Décorer sa maison, son appartement peut être source de plaisir… ou pas. Nombreux sont ceux qui n’ont ni le temps, ni l’envie de passer des heures à choisir des meubles, des tissus ou la couleur de la peinture des chambres. La solution est relativement simple: recourir au savoir-faire d’un ou d’une architecte d’intérieur et décorateur comme la talentueuse Inés Benavides, que j’ai rencontrée pour All-I-C.Valérie Dana, Madrid.

 

Inés Benavides est une femme souriante, cultivée qui peut paraître fragile de prime abord, mais en parlant avec elle je me rends vite à l’évidence: j’ai devant moi une personne qui sait parfaitement ce qu’elle veut. Ses meubles aux lignes très épurées, transmettent à la fois force et légèreté. Sa décoration laisse respirer les espaces qu’elle embellit. Elle travaille autant pour des projets privés que pour des lieux publics, qu’elle habille avec sensibilité et élégance.

Son parcours n’est pas commun – elle fut ingénieur des mines dans la première partie de sa vie –  mais elle parle de ce revirement avec tant de naturel qu’il semble aller de soi. Elle transmet une véritable passion pour un métier qui l’habite. Entrons dans l’univers de la décoratrice et architecte d’intérieur espagnole Inés Benavides.

V.D. Comment êtes-vous passée du métier d’ingénieur des mines à la décoration et à l’architecture? Et en quoi ce passé influe-t-il sur votre présent?
Inés Benavides:
C’est un changement de carrière inhabituel, mais pour moi ce fut assez naturel car la décoration, le design et l’architecture étaient mes hobbies depuis très jeune. Quand mon métier d’ingénieur est devenu trop difficile à concilier avec ma vie familiale, j’ai décidé de l’abandonner et de créer mon propre studio de design et d’architecture d’intérieur. Ma formation d’ingénieur dans le conseil en stratégie m’a été très utile car elle m’a donné les bases pour devenir entrepreneur. Ma formation technique l’est aussi pour les projets d’architecture.

Depuis très jeune, vous avez beaucoup voyagé, vous êtes polyglotte: cette connaissance de différentes cultures a-t-elle un impact sur votre travail?
L’ouverture au monde extérieur est extrêmement importante dans mon travail. C’est en voyageant que je trouve mon inspiration. De plus, le fait de bien connaître plusieurs cultures m’aide avec mes clients, en majorité étrangers.

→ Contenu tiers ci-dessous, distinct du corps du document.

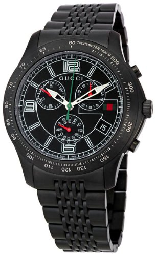 Stainless steel case with a black PVD stainless steel bracelet. Fixed black PVD bezel with tachymeter. Black dial with luminous hands and stick hour markers. Arabic numerals mark the 6, 9 and 12 o'clock positions. Minute markers around the outer rim. Date display at the 4 o'clock position. Chronograph - three sub-dials displaying: 60 seconds, 30 minutes and 1/10th of a second. Swiss quartz movement. Scratch resistant synthetic saphire crystal. Screwed down crown. Screwed down solid case back. Case diameter: 45 mm. Case thickness: 11 mm. Deployment clasp. Water resistant at 30 meters / 100 feet. Gucci Timeless Mens Watch YA126217.
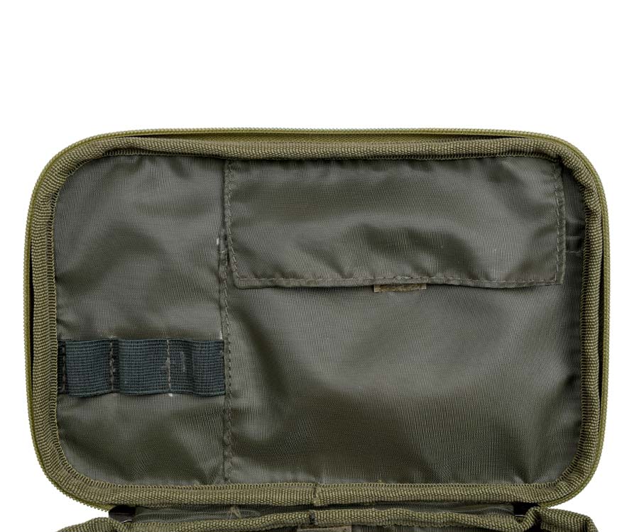 Сarp Pro Diamond CPLD5394 – сумка-органайзер для карповых аксессуаров и терминальных снастей. Выполнена из уникального фирменного влагостойкого камуфлированного материала Сarp Pro (Oxford 650D). Имеет продуманную конструкцию, закрывается на двустороннюю молнию. Основное отделение можно по необходимости разделить и оптимизировать под потребности двумя мягкими перегородками. На внутренней стороне крышки расположен кармашек на липучке и эластичная резинка для хранения аксессуаров. Благодаря вставкам из мягкого пористого материала органайзер Сarp Pro Diamond CPLD5394 обеспечивает прекрасную защиту содержимому. Имеет ручку для переноски. Надежная и долговечная молния оснащена бегунками с удобными в работе прорезиненными пуллерами.
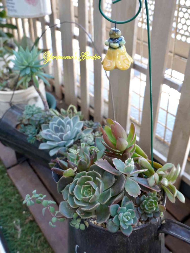 5つ目のお土産お花ピックと多肉の寄せ植えです✨この間、かなり伸びた火祭りをカットして、そのまま植え直しました🎶
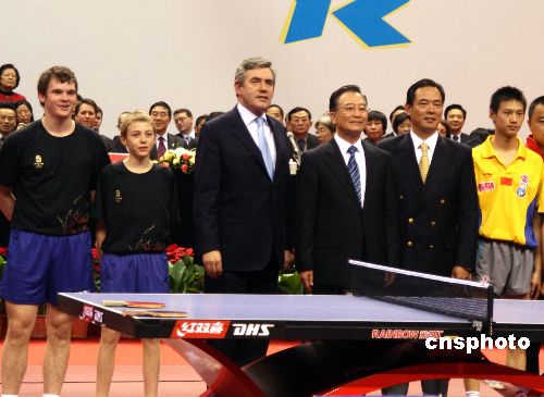 中國總理溫家寶與來華訪問的英國首相布朗,在中國人民大學“世紀館”觀看中英乒乓球友誼賽,并與運動員進行了交流。中新社發 周兆軍 攝
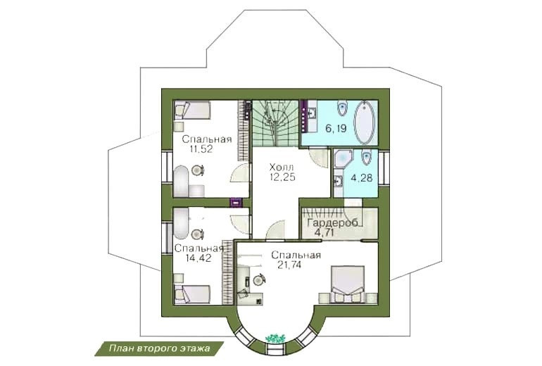 На втором этаже расположены три спальных комнаты, душевая и ванная, и большой красивый холл с полукруглым стеклянным эркером.
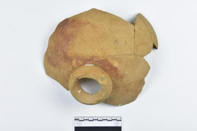 Neck and body section consisting of 5 cross-mended pieces from an earthenware olive jar.
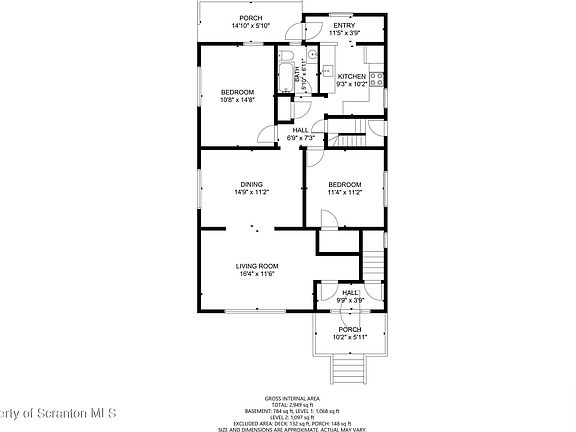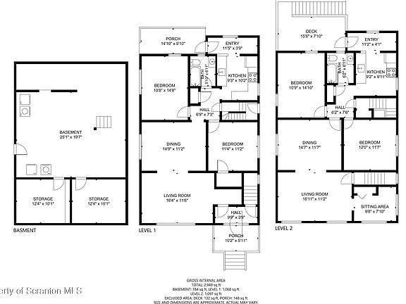 Stucco Up & Down Duplex situated in the Hill Section of Scranton in close proximity to Geisinger Medical Center, the University of Scranton and Nay Aug Park. 1st Floor Unit is 1068 Sq ft and comprised of 2 Bedrooms, 1 Bath, Living Room, Dining Room, Kitchen and Back Deck. 2nd Floor Unit is Identical in layout with the addition of a 9.8x7.10 Sunroom above front entry. Both Units have separate utilities. Tenants pay Electric, Water, Sewer and Gas. Landlord pays Taxes, Insurance and Garbage (which is now included in taxes)., Semi-Modern Kitchen: Y, Tax Information: Available, Kitchen: SemiMod, Baths: SemiMod, SqFt Fin - 3rd: 0.00, SqFt Fin - Main: 1068.00, SqFt Fin - 2nd: 1097.00, Additional Info: Well Maintained 2 Unit. Roof is 4 Years old. New Sidewalks,All Separate Utilities.

Comment naissent vos idées?
Je m’inspire de toutes sortes de choses, certaines très banales comme par exemple la feuille d’un arbre ou une cannette de Coca Cola, ou d’autres, beaucoup plus sophistiquées. Pour moi, il est très important de voyager, de visiter des expositions, d’aller au cinéma, de lire,… En résumé, avoir une vie active me permet d’être confrontée à beaucoup de situations différentes et ceci est important car à n’importe quel moment, une idée peut surgir.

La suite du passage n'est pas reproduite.